◆ WORK REQUIRED ◆
Only the lines from the one that includes "tinaseosta. | |" through the last line below belong in the reply, copied exactly and without pictures.

◆ COLLECTED MATERIAL ◆
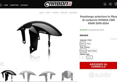 Parafango in vero carbonio per Honda CBR 650 R e CB 650 R
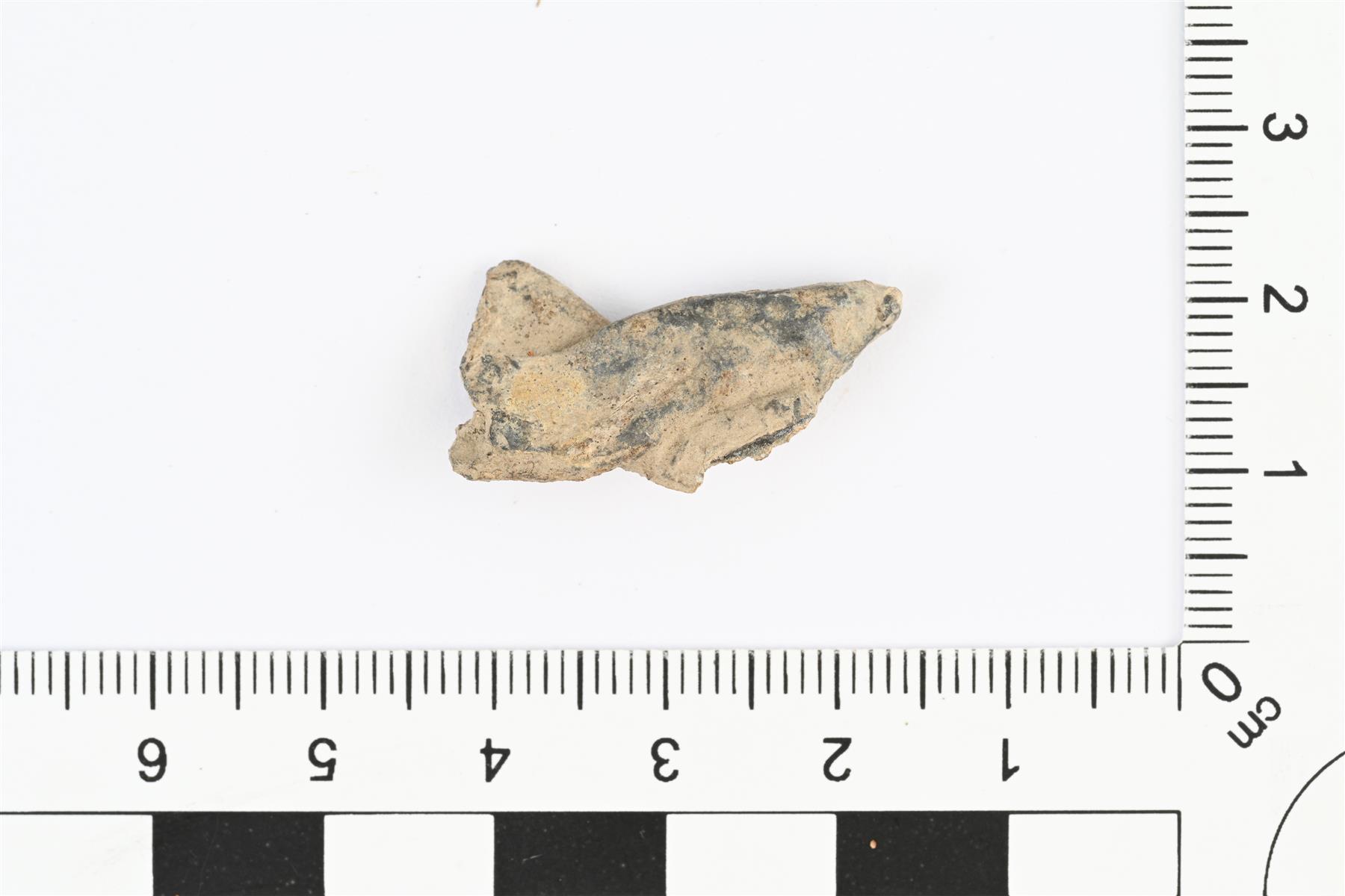 | Osittain sulanutta kaksinkertaista metallilevyä. Harmaata metalliseosta, mahdollisesti lyijy- tai tinaseosta. | |
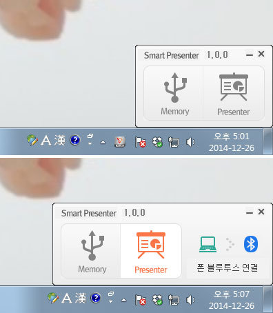프로그램 설치 후, 제품을 사용하려면 PC에 USB를 다시 꼽으면 된다. 그러면 PC화면 오른쪽 하단에 ‘스마트 프리젠터 1.0’이 인식될 것이다. 스마트 하이브리드 USB의 기능은 메모리, 프리젠터 등 2가지다. 프레젠테이션 기능을 하려면, ‘프리젠터’ 기능을 선택하면 된다. 또한, 휴대폰과 연결이 되면 블루투스 연결이 되었다는 신호가 나타나며, 마우스 포인터가 화살표 모양으로 바뀐다.

◆ FINISHED EXERCISE ◆
 | Osittain sulanutta kaksinkertaista metallilevyä. Harmaata metalliseosta, mahdollisesti lyijy- tai tinaseosta. | |
프로그램 설치 후, 제품을 사용하려면 PC에 USB를 다시 꼽으면 된다. 그러면 PC화면 오른쪽 하단에 ‘스마트 프리젠터 1.0’이 인식될 것이다. 스마트 하이브리드 USB의 기능은 메모리, 프리젠터 등 2가지다. 프레젠테이션 기능을 하려면, ‘프리젠터’ 기능을 선택하면 된다. 또한, 휴대폰과 연결이 되면 블루투스 연결이 되었다는 신호가 나타나며, 마우스 포인터가 화살표 모양으로 바뀐다.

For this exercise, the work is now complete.